The good news about Texas Governor Greg Abbott’s decision to take a stab at banning all Covid-19 vaccine mandates in his state is that it’s unlikely to work—at least not particularly well. Abbott may have issued an executive order that seeks to block any “entity” in Texas from making vaccination a condition of employment—a response to an executive order from President Biden requiring companies with more than 100 employees to mandate vaccination—but large corporations in the state, such as IBM and Southwest Airlines, have reacted with a shrug. A representative from American Airlines, headquartered in Fort Worth, issued a statement saying that “federal action supersedes” any such effort at the state level.
But Abbott’s executive order is also the latest, and arguably most significant, step in the GOP’s growing war against vaccine mandates and Covid-19 mitigation. It is pure tribal politics: more pandering to a GOP base that has already embraced extreme vaccine skepticism to its detriment, thanks in large part to prodding from right-wing political and media elites. It is also designed to sow doubt and confusion—Tucker Carlson’s nightly screeds against the mandate and, often, the vaccine itself are good examples—which has potentially deadly consequences. Republicans, having made resistance to any and all Democratic policies the centerpiece of their political and policy agenda, are now actively supporting measures that could get their own voters killed.
From a political perspective, Abbott’s executive order reflects the fact Republicans now only pander to the blood-red portion of their base: Lose the fringes, their thinking goes, and you’ll quickly lose your stature in the conservative movement, if not your job. But this resistance, however performative, may also be bad politics: Vaccine mandates remain broadly popular. For Democrats, as well as the Biden administration, Abbott’s ill-advised move creates an opportunity to regain traction in the battle against the pandemic—both in the practical sense and the political.
Biden’s popularity has plummeted in recent months.

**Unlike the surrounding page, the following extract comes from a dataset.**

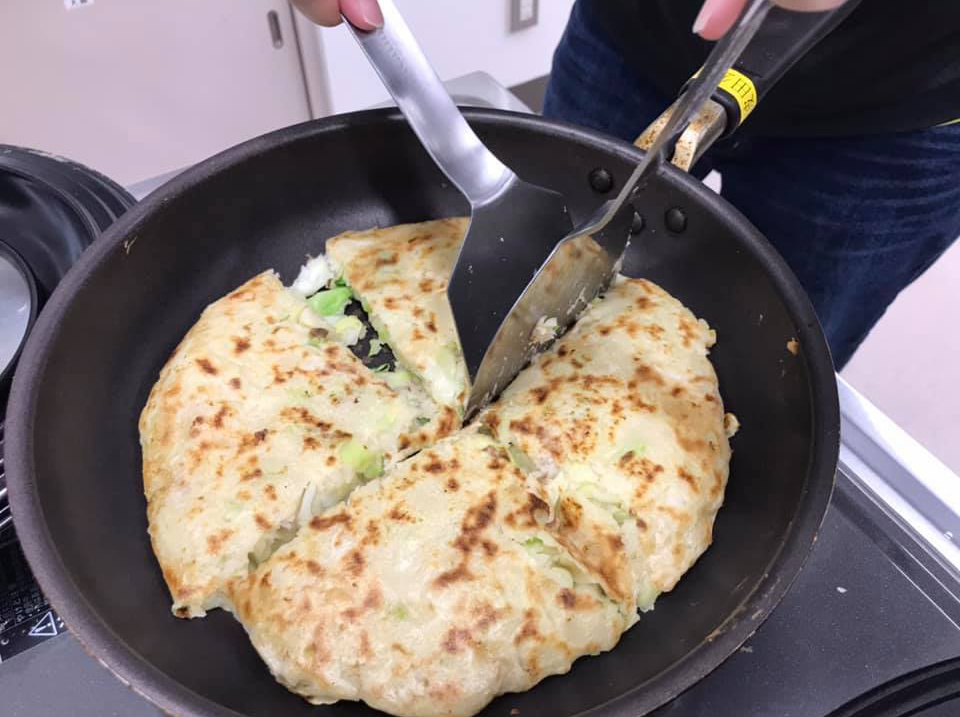 先月はお好み焼きの「焼き」に時間がかかり過ぎてしまったので、その教訓を生かして、今回はフライパンを倍増させ、時間短縮に成功✌️

There are many potential factors in play, some of which the president and his party must own—the chaotic scramble to leave Afghanistan, ongoing supply chain disruptions, and the pathological inability of congressional Democrats to simply get shit done are among them—but Covid-19’s continued, and in some parts of the country growing, presence has played the most important role in his declining standing among voters. The central premise of Biden’s presidential campaign was that he could reassert competence at the White House and bring the country out of the dark days of the pandemic.
The highly contagious delta variant and the massive resistance to the vaccine on the right are the primary reasons why Covid-19 continues to ravage large swathes of the country, but the Biden administration is nevertheless taking the blame, in part because Biden himself claimed the country was on the verge of declaring “independence” from the virus in July.
Democrats have struggled to regain control of the narrative, in part because they have spent most of the summer griping over a bill that has little to do with the pandemic, at least not directly. The Build Back Better Act and its accompanying infrastructure bill were designed for a post-Covid world that hasn’t yet materialized; as such, Democrats and the Biden administration have struggled to communicate that they really are taking fighting the virus seriously.
The war on mandates is the clearest evidence yet of the GOP’s role in keeping the ongoing pandemic at a boil. But the public favors the mandates. A September Politico/Morning Consult poll found that nearly 60 percent of voters supported them, although they had only 33 percent support among Republicans. Still, this is a fairly clear-cut instance of public opinion creating a favorable environment for Democrats: The public is on board, and what resistance does exist is limited to a mere slice of the electorate (and also Kyrie Irving). There is, moreover, an added dimension: Republican opposition to the Covid-19 vaccine has also led to a significant uptick in resistance to all vaccines, creating a much larger public health crisis.
It is perhaps incorrect to refer to it as a “vaccine mandate.” The Biden administration’s policy has loopholes—it only applies to companies with more than 100 employees, and unvaccinated workers can keep their jobs if they submit to weekly Covid-19 tests. While some workers have lost jobs as a result of vaccine mandates handed down by their employers, those numbers are also very small: When Houston’s Methodist Hospital required vaccines, only 150 out of more than 25,000 workers were ultimately terminated. Still, with only 56.6 percent of the country vaccinated, per recent data from the Centers for Disease Control and Prevention, and with 46 percent of unvaccinated Americans saying they “definitely” won’t receive a dose, according to an August poll, such measures are increasingly necessary to control the pandemic and to protect against future variants.
Democrats have thus far struggled to make the case that Republicans bear proportional blame for the ongoing pandemic, but the divide over mandates neatly illustrates the case. On one side, you have public health efforts being undertaken to get people vaccinated; on the other, you have efforts that are actively perpetuating the crisis. As Republicans increasingly make opposition to mandates a plank of their 2022 midterm campaign, Democrats need to make full use of the fact that this is a losing issue for the GOP. Doing so would also be in keeping with Biden’s desire to rise above tribal politics. After all, Democrats are currently more willing to protect the lives and livelihoods of Republican voters than the Republican Party is willing to for its own.